As organizations drive digital transformation initiatives through cloud based systems, one of the challenges encountered is the visibility across the entire infrastructure stack, particularly in hybrid environments that include on-premise data centers.

Lack of full visibility

The complexity that is introduced across multiple cloud providers as a result of many moving parts that are constantly changing due to multiple daily deployments and automated provisioning means that having an exact picture of the environment becomes a tough exercise. In addition, getting tools that can visualize the entire architectural or service model view across all infrastructure elements is difficult and costly.

(Don't worry: Splunk makes it easy for you.)

Compounding data sources

Another hurdle that organizations have to deal with is the ever increasing volume of data that is spewed by infrastructure components.

The greater the number of constituent elements monitored and their frequency of probing, the more time and effort needs to be spent filtering, classifying and analyzing data. (And with the law of diminishing returns at work, the greater the monitoring data the lower the return from it.)

Yes, observability solutions have emerged to do most of the heavy lifting in aggregation and analysis of logs, metrics, and traces. But these solutions alone aren't enough: you'll still need significant human resources such as a NOC team at the end of the chain to respond and take action.

Finding the right balance between informativity, granularity, and frequency of infrastructure is vital in addressing this challenge.

Infrastructure monitoring best practices

As with anything important, a system is only as effective as its implementation and management.
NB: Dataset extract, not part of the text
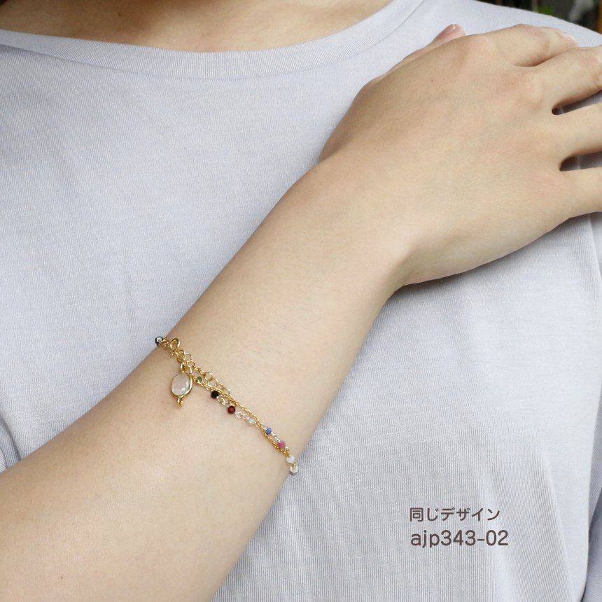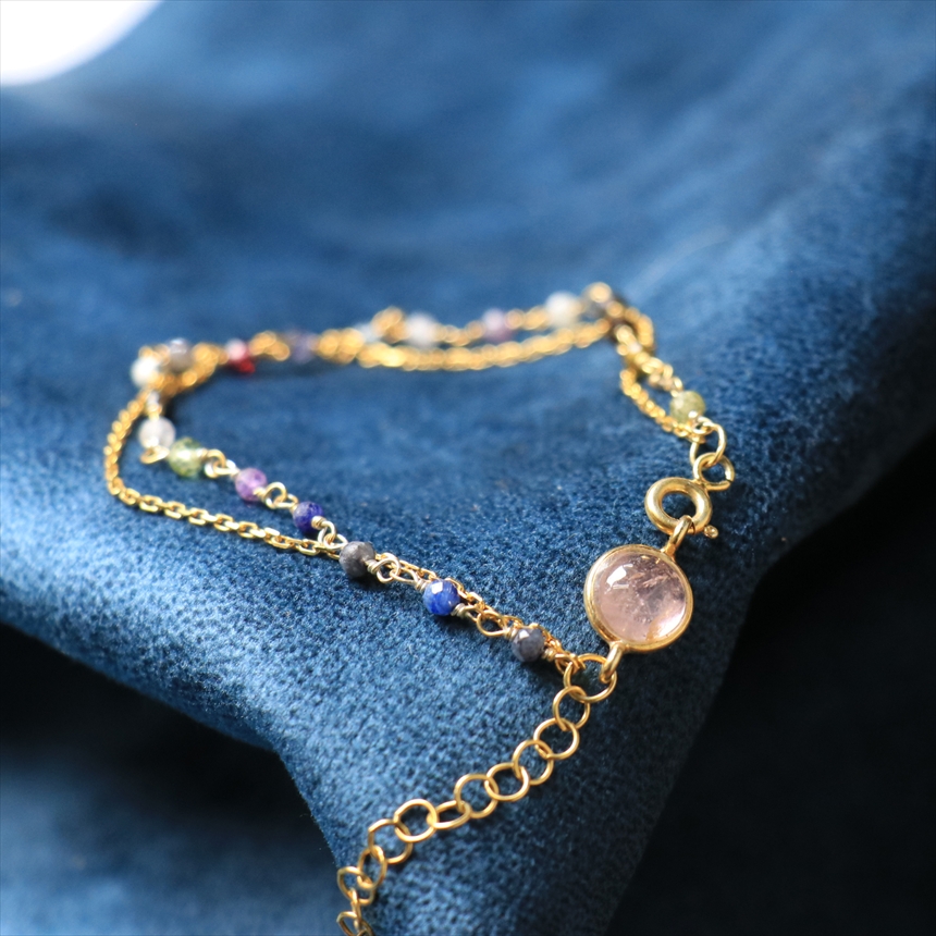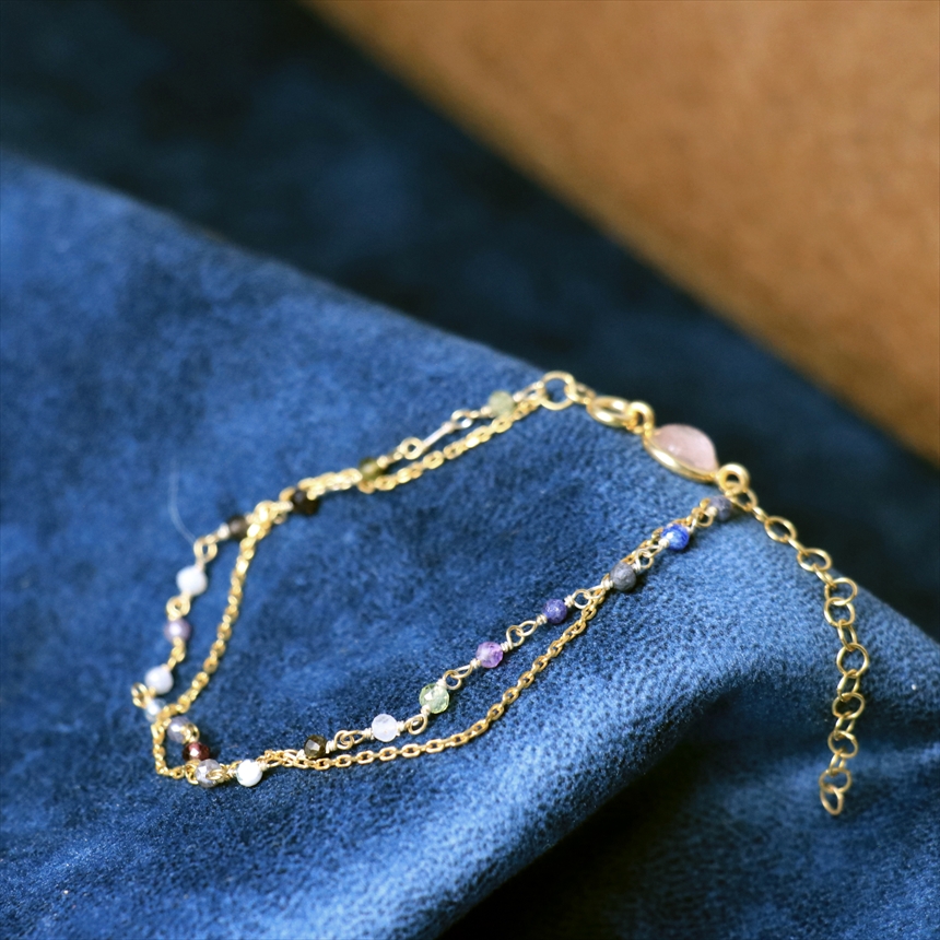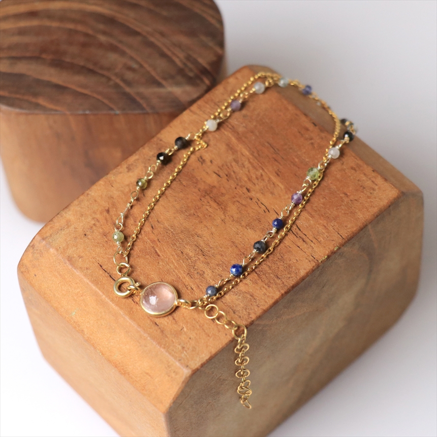 ミックスカラーの小粒のトルマリンビーズとシルバーチェーンの2連ブレスレット。透明感のあるローズクォーツがアクセントです。優し気な色合いのストーンと華奢なゴールドチェーンが手元をきれいにみせてくれます。

Use the following best practices to set-up an infrastructure monitoring tools that meet the needs of your business:

  • Prioritize alerts: Set detailed, urgent notifications to avoid missing critical issues.
  • Schedule a trial run: Test your system before an actual emergency to fine-tune it.
  • Embrace redundancy: Use both on-premise and cloud solutions, and monitor all data centers for added security.
  • Use support services: Leverage vendor support to resolve issues efficiently.
  • Check your metrics: Regularly review performance metrics and adjust thresholds as needed for optimal results.

The future of monitoring

Infrastructure monitoring tools that are engineered with generative AI capability will be at the forefront of driving proactive monitoring for full stack environments. With the capacity to automatically process, analyze and predict events, the value that such tools provide for organizations in enhancing availability and performance of IT systems is immense. AI systems can both:

  • Handle big data quite comfortably.
  • Facilitate easier automation of routine tasks related to infrastructure monitoring such as collection, analysis and correlation.

In addition, the more organizations that host systems on the cloud, the more likely that monitoring-as-a-service offerings by cloud service providers will be seen as an option. Since these CSPs will have the resources and tools that are tailored to their environments, it will be a no-brainer for enterprises to outsource to them, rather than go the difficult route of investing in a variety of tools to monitor their infrastructure sprawl.

This means that organizations can focus better on their core objectives of delivering and improving their service offerings, while letting cloud providers carry out the monitoring activities.